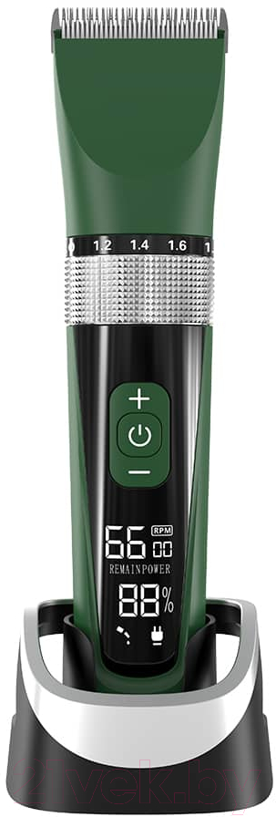Специальный ролик позволяет ювелирно настроить нужную вам длину в диапазоне от 0.8 мм до 1.8 мм. А 4 дополнительных направляющих гребня еще больше расширят вариативность настроек. При использовании выбирайте одну из пяти подходящих скоростей от 5000 об/мин до 7000 об/мин. Двойные лезвия выполнены из нержавеющей стали и керамики. Долговечные материалы остаются острыми длительное время, что обеспечивает отличный результат при каждом использовании. Для ухода за машинкой в комплекте также есть щеточка для очистки. Полностью заряженная литий-ионная батарея гарантирует работу до 120 минут без подключения к сети. Машинка легко и быстро заряжается через USB-кабель, для удобства в комплекте есть зарядная база-подставка. Встроенный LED-дисплей всегда покажет процент зарядки и необходимость подключения к сети. Степень влагозащиты IPX7 делает корпус машинки невосприимчивым к воде и дает возможность промывать лезвия под струей для лучшей очистки.
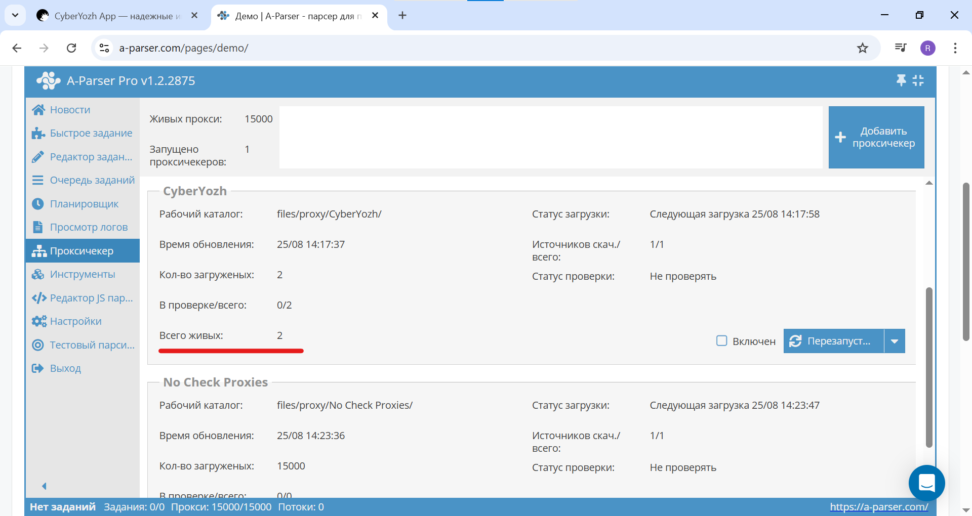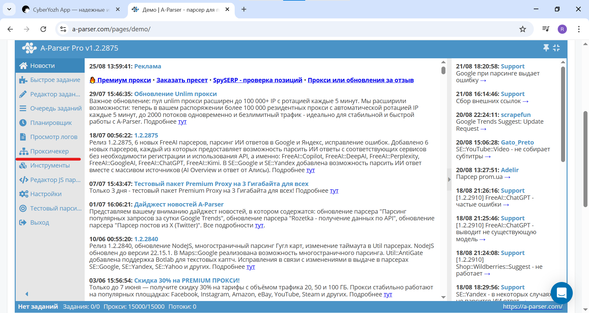 Fig. 2. Screenshot of the main A-Parser Pro interface showing the menu location. To begin, go to the "Proxy Checker" section.
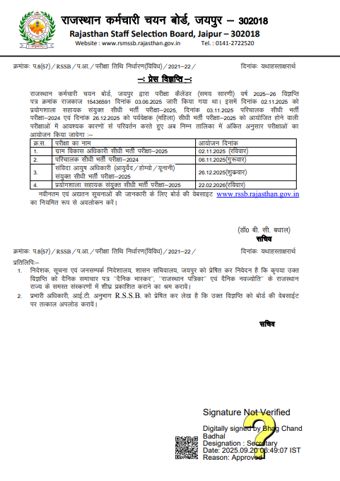 The exam will be held in a pen-and-paper mode at multiple centers across Rajasthan. Candidates are advised to keep checking the official RSSB notifications and ensure their application status and admit card are verified in advance to avoid last-minute complications.
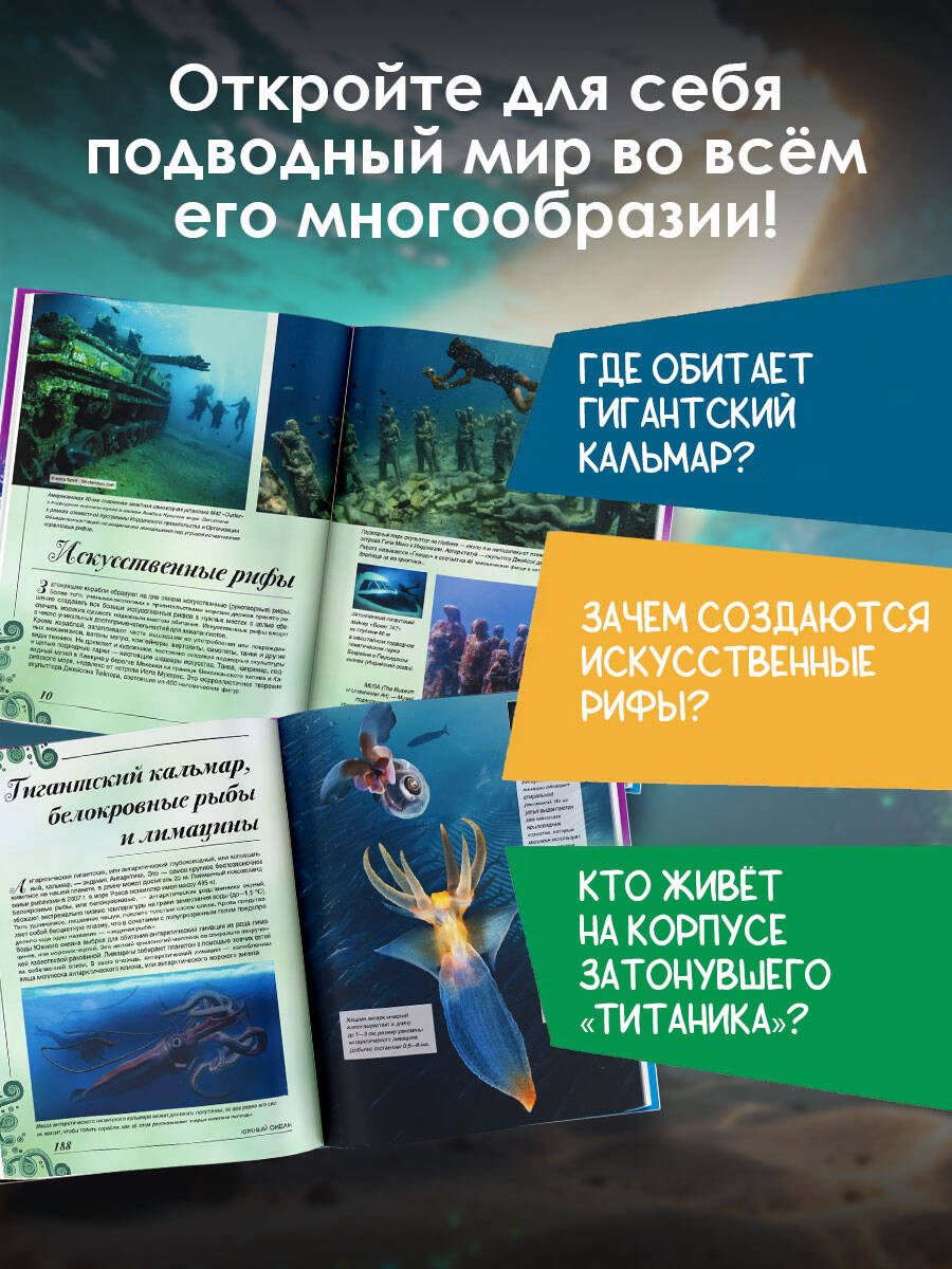 Чтобы узнать, какие тайны скрываются под толщей воды Мирового океана, покрывающего две трети земной поверхности, достаточно открыть эту книгу. Здесь представлен подводный мир во всем его разнообразии - животные, растения, неповторимые природные ландшафты и даже удивительные объекты, созданные руками человека. Увидеть в обычной жизни всё это очень сложно, зато на уникальных фотографиях можно рассмотреть в мельчайших подробностях. Содержательные статьи, описывающие все пять океанов нашей планеты, а также пресноводные водоемы, поразят вас множеством занимательных фактов. Весь подводный мир - таинственный и завораживающий - в одной книге! Для среднего и старшего школьного возраста.| Издательство | ИЗДАТЕЛЬСТВО "АСТ" |
═══
**TASK REQUIREMENTS**
Exactly the lines starting at the one above with "Fig. 2. Screenshot" and ending at the one with "The exam will" should be printed, and nothing else. Omit the pictures.

**SOLUTION TO THIS PROBLEM**
 Fig. 2. Screenshot of the main A-Parser Pro interface showing the menu location. To begin, go to the "Proxy Checker" section.
 The exam will be held in a pen-and-paper mode at multiple centers across Rajasthan. Candidates are advised to keep checking the official RSSB notifications and ensure their application status and admit card are verified in advance to avoid last-minute complications.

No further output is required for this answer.